AI-driven AI R&D carries significant potential risks. For policymakers evaluating possible measures, it will be critical to understand trends in the pace of AI development and whether AI research will begin to compound on itself.

AI for AI R&D

Governance of AI R&D: If AI systems are used to autonomously develop and improve themselves, how can humans effectively understand and control these systems? Ultimately, what will govern these systems?

Intelligence explosion drills: How do we conduct intelligence explosion drills? How can we run tabletop exercises that actually test decision-making by lab leadership, boards, and governments?

AI R&D telemetry: How can we measure the overall pace of AI R&D? What telemetry and underlying technical support would be needed to gather this information? How could metrics related to AI R&D serve as early warning signals for recursive self-improvement?

Controlling AI takeoff speeds: If an intelligence explosion is coming, what intervention points could slow or shape its speed? Assuming humans could intervene, what entities should wield this ability—governments? Companies?

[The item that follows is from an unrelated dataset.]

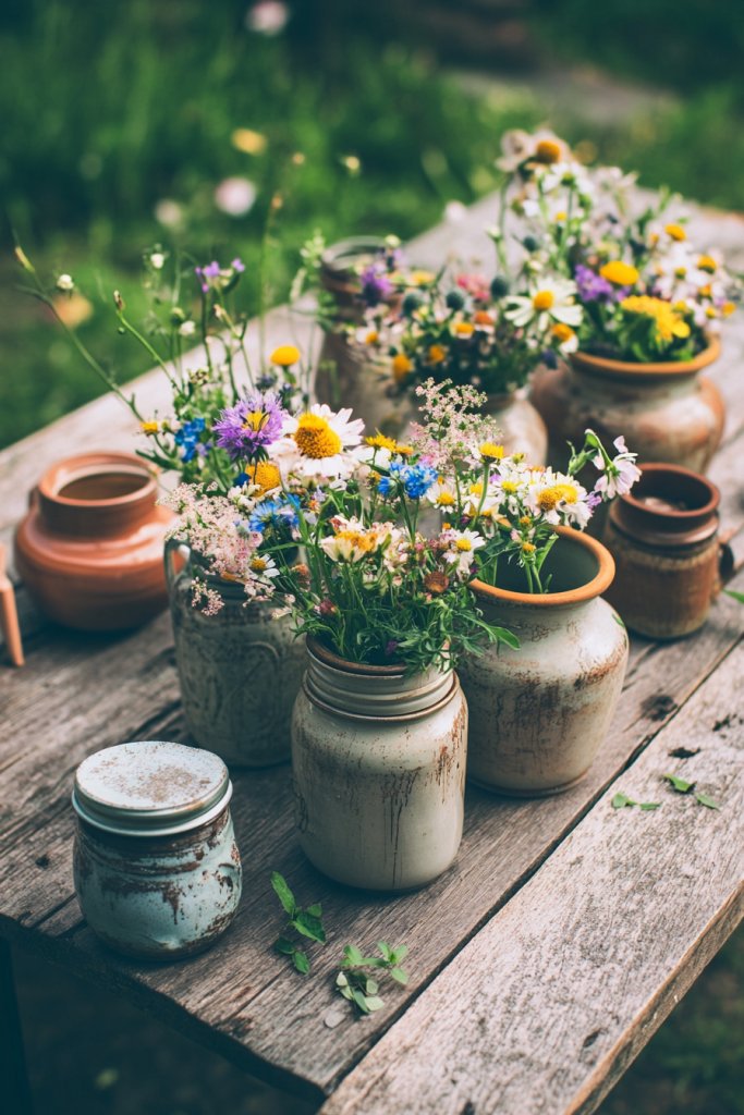 Looking for an easy way to add a touch of rustic charm to your table or shelf? Mason jars and ceramic vases serve as perfect, budget-friendly centerpieces that bring a cozy, vintage vibe. They’re versatile, functional, and can be styled in countless ways to suit your cottage aesthetic. If your surfaces feel empty or uninspired, a charming jar or vase might just do the trick.

AI in R&D Beyond AI—Research in Other Domains Driven by AI:

Technology trees: AI accelerates certain scientific fields far more than others, depending on data availability, evaluation metrics, and how much knowledge is tacit or institutionally bounded. How uneven is this gradient of development? What human problems does the resulting variation in scientific progress imply will be prioritized?

Jagged frontiers: Model capabilities are stronger in some domains than others. Fields with massive positive externalities—like drug discovery and materials science—are underinvested in relative to their value. Markets guide model improvements based on private returns, but can we improve model performance for social externalities?